Investigating the scarcity of IWP in new web tiles

The web tiles produced by the new batch of IWP data are far more scarce than the last batch of web tiles.

Old IWP Data (2022)	New IWP Data (2023)
22,319 shp files for Alaska, Canada, Russia	17,039 shp files for Alaska, Canada, Russia
4,267 for Alaska only	1,169 for Alaska only
9,606 for Canada only	7,198 for Canada only
8,446 for Russia only	8,172 for Russia only
5,356,353 web tiles	82,373 web tiles
ratio = ~240 web tiles created for every shp file	ratio = ~5 web tiles created for every shp file

Feb 22, 2023 workflow run:

staged 17,039 shp files
merging resulted in 15,113 gpkg files
- The point of merging is to combine all staged from all nodes into the head node, but we do not copy over staged files from worker nodes that are already present in the head node because that would result in overwriting the file that already exisst there. We do not want to overwrite the staged file in the head node, because even though these files may have the same name (tile ID), they may contain different polygons.
- a) If a tile does not yet exist in the head, we simply move it there.
- b) If a tile does exist in the head node, we check if the files in the nodes are identical
- c) If the tiles are identical, we just skip copying the file to the head node.
- d) If the tiles are not identical, we append the polygons into one gdf and save that file to the head node.
- This results in the number of staged tiles in the head node being the total sum of all staged tiles in all nodes minus the tiles that were already present in the head node.
raster highest produced 15,114 tif files at z-level 15
raster lower produced 82,272 tif files (sum of all z-levels)
web tiling produced 82,272 png files (sum of all z-levels)

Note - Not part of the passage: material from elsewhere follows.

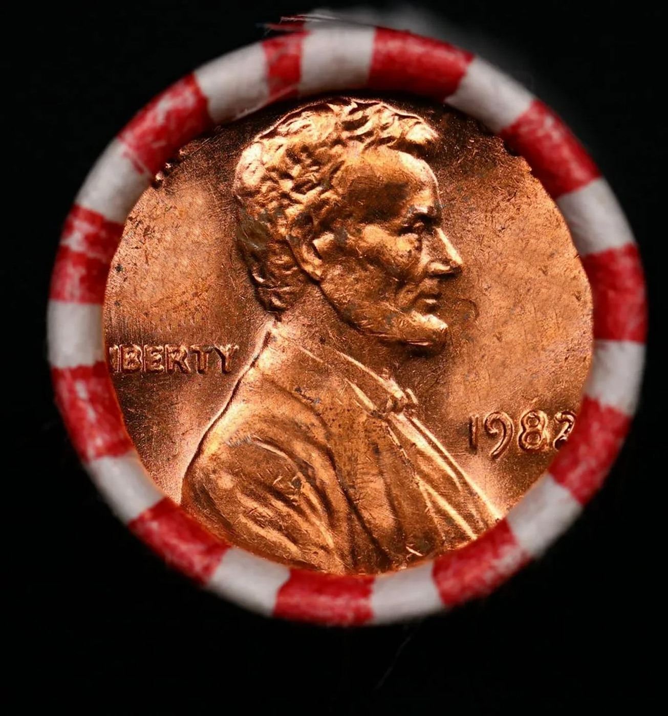 Shotgun Lincoln 1c roll, 1982-p 50 pcs Bank Wrapper.. A terrific Shotgun roll of Lincoln cents. Most if not all coin should be cherry red.

julietcohen commented 1 year ago

Update on high, med, and low ice processing

High ice has been processed completely and is up on the production portal, with a link to the published high ice package archived on the ADC.

Low and medium ice are in progress on Delta. We upgraded the allocation to a higher tier (Explore --> Discover) and exchanged enough ACCESS credits into storage and GPU hours to process all of low and medium together, through all steps, without having to transfer files in between steps from Delta to Datateam and then remove them from Delta to save space.

Staging medium and low went smoothly. Used 20 nodes and transferred all 8,247,460 staged files to /scratch.

Merging is going somewhat smoothly, but running into the same errors as documented before, which are rare compared to the successful merges. As a reminder, if a tile is not present in the head node but is present in a worker node, the file is copied from a worker node to the head node. If the tile is in the head node but is different than the same tile in the worker node, the tile is merged (deduplicated) from the worker node into the head node. Some of the errors printed in the terminal are below:

When I investigated these errors before, I was not able to find the source. Finding out why certain files are corrupted during the merge is a high priority for improving the workflow.

0 errors were documented during staging.

julietcohen commented 1 year ago

Update on IWP for all regions

IWP for all regions (high, low, medium) have been processed through staging, merging, rasterization, and web-tiling. The high region was processed separately from low and medium (which were processed together) on Delta because of memory limitations (especially during merging step) and job time limitations (we can only process so many files within the max hours of processing allowed per job, and each step needs to complete within 1 job because checkpoints were not built into the ray workflow).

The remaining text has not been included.